START INPUT DATA

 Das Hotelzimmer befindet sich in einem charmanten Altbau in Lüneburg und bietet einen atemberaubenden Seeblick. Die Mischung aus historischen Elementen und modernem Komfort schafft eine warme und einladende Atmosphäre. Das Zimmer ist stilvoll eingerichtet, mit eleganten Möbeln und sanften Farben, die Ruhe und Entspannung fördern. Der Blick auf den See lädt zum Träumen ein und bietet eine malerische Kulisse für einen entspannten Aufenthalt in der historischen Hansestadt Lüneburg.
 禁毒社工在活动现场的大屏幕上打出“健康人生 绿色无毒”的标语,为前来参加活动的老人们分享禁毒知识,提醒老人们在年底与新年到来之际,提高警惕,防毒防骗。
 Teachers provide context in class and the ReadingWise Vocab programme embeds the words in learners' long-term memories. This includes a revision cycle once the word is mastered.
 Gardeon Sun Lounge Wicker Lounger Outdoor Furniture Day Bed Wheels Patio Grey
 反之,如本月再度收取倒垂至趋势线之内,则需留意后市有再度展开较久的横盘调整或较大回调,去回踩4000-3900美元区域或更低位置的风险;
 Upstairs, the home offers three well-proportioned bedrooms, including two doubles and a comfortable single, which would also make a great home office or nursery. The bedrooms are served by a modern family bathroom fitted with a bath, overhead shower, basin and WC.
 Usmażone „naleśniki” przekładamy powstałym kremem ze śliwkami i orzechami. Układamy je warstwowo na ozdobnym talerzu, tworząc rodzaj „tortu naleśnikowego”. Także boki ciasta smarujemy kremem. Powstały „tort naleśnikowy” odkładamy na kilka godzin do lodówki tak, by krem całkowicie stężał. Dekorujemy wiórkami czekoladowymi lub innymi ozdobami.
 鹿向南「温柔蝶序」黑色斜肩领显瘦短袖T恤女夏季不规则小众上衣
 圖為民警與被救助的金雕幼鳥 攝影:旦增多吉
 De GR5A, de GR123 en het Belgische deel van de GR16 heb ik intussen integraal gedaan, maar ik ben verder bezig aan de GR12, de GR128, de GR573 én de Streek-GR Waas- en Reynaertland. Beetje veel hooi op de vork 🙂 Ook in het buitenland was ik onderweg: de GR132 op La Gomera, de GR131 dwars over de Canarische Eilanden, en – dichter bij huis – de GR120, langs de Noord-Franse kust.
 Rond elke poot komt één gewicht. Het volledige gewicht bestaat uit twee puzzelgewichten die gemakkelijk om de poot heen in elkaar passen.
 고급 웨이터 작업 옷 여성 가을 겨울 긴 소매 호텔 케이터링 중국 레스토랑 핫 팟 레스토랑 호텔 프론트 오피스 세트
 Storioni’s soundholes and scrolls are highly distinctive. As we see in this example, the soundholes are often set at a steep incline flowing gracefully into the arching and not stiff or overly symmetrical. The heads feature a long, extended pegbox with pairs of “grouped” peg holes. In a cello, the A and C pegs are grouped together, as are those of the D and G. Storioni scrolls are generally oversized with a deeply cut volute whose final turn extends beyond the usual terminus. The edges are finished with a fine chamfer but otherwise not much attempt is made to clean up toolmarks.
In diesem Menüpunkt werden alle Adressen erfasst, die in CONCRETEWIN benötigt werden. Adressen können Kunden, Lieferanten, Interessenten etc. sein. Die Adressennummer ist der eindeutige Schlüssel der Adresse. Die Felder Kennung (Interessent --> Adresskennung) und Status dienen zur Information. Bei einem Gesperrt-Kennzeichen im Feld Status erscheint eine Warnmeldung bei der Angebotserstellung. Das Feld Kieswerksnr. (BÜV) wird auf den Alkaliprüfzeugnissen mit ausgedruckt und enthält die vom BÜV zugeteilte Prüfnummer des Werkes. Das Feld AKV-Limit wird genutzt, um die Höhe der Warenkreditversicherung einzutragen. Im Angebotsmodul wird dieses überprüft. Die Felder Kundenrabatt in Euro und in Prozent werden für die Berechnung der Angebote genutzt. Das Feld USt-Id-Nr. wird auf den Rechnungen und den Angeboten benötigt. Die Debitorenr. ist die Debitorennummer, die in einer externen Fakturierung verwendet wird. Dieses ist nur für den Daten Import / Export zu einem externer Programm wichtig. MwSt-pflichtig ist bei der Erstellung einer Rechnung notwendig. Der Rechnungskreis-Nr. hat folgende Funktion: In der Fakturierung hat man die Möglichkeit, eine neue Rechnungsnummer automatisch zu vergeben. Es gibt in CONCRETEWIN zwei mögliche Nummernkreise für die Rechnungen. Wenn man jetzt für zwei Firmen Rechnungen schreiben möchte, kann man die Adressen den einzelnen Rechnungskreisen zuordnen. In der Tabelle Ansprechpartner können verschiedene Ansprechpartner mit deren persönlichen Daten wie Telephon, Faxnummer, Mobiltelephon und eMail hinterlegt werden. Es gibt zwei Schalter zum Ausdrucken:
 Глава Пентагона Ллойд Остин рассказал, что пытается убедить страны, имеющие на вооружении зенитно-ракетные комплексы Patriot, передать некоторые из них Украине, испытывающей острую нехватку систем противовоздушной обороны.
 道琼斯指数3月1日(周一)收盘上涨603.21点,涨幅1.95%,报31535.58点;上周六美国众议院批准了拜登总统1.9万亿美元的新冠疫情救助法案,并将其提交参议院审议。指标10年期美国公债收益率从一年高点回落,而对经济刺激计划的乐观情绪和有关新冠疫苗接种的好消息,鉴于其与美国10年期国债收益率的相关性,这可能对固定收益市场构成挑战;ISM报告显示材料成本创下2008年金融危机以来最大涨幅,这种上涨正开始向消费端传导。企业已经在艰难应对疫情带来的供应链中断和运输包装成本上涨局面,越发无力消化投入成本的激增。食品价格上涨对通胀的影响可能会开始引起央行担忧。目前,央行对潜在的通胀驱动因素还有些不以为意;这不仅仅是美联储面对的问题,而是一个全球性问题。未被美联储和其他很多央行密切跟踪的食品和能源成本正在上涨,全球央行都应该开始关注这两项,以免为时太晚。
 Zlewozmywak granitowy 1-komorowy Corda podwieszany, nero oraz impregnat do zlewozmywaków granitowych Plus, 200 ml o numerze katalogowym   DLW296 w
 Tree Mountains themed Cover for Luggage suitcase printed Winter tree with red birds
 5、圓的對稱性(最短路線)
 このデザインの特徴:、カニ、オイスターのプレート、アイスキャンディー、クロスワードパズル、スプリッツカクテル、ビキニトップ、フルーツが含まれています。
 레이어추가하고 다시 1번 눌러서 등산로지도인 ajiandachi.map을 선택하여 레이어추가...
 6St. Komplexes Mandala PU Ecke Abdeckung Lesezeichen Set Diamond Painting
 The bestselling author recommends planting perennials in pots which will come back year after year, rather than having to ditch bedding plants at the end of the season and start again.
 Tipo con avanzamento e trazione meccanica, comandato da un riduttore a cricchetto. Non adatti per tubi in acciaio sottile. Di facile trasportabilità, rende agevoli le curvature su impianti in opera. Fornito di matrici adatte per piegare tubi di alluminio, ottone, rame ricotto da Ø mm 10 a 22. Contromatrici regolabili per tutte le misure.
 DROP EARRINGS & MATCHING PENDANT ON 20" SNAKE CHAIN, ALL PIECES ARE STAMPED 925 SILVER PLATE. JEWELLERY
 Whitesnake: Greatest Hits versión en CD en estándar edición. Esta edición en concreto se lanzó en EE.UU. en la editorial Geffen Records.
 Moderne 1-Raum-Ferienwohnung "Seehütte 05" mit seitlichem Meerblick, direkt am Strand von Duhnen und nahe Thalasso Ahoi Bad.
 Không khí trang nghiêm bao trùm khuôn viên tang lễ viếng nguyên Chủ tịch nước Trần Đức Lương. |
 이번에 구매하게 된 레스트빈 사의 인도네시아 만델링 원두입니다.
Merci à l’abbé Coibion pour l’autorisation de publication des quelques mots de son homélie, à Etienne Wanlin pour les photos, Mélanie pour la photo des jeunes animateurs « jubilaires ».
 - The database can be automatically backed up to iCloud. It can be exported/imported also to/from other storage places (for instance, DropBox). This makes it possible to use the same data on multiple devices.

END INPUT DATA

▸ **REQUIRED ACTION**
Would you copy, unchanged, the stretch of the records above that begins at the line containing "6St. Komplexes Mandala" and ends at the line containing "Merci à l’abbé", and only that?

▸ **RESULT BELOW**
 6St. Komplexes Mandala PU Ecke Abdeckung Lesezeichen Set Diamond Painting
 The bestselling author recommends planting perennials in pots which will come back year after year, rather than having to ditch bedding plants at the end of the season and start again.
 Tipo con avanzamento e trazione meccanica, comandato da un riduttore a cricchetto. Non adatti per tubi in acciaio sottile. Di facile trasportabilità, rende agevoli le curvature su impianti in opera. Fornito di matrici adatte per piegare tubi di alluminio, ottone, rame ricotto da Ø mm 10 a 22. Contromatrici regolabili per tutte le misure.
 DROP EARRINGS & MATCHING PENDANT ON 20" SNAKE CHAIN, ALL PIECES ARE STAMPED 925 SILVER PLATE. JEWELLERY
 Whitesnake: Greatest Hits versión en CD en estándar edición. Esta edición en concreto se lanzó en EE.UU. en la editorial Geffen Records.
 Moderne 1-Raum-Ferienwohnung "Seehütte 05" mit seitlichem Meerblick, direkt am Strand von Duhnen und nahe Thalasso Ahoi Bad.
 Không khí trang nghiêm bao trùm khuôn viên tang lễ viếng nguyên Chủ tịch nước Trần Đức Lương. |
 이번에 구매하게 된 레스트빈 사의 인도네시아 만델링 원두입니다.
Merci à l’abbé Coibion pour l’autorisation de publication des quelques mots de son homélie, à Etienne Wanlin pour les photos, Mélanie pour la photo des jeunes animateurs « jubilaires ».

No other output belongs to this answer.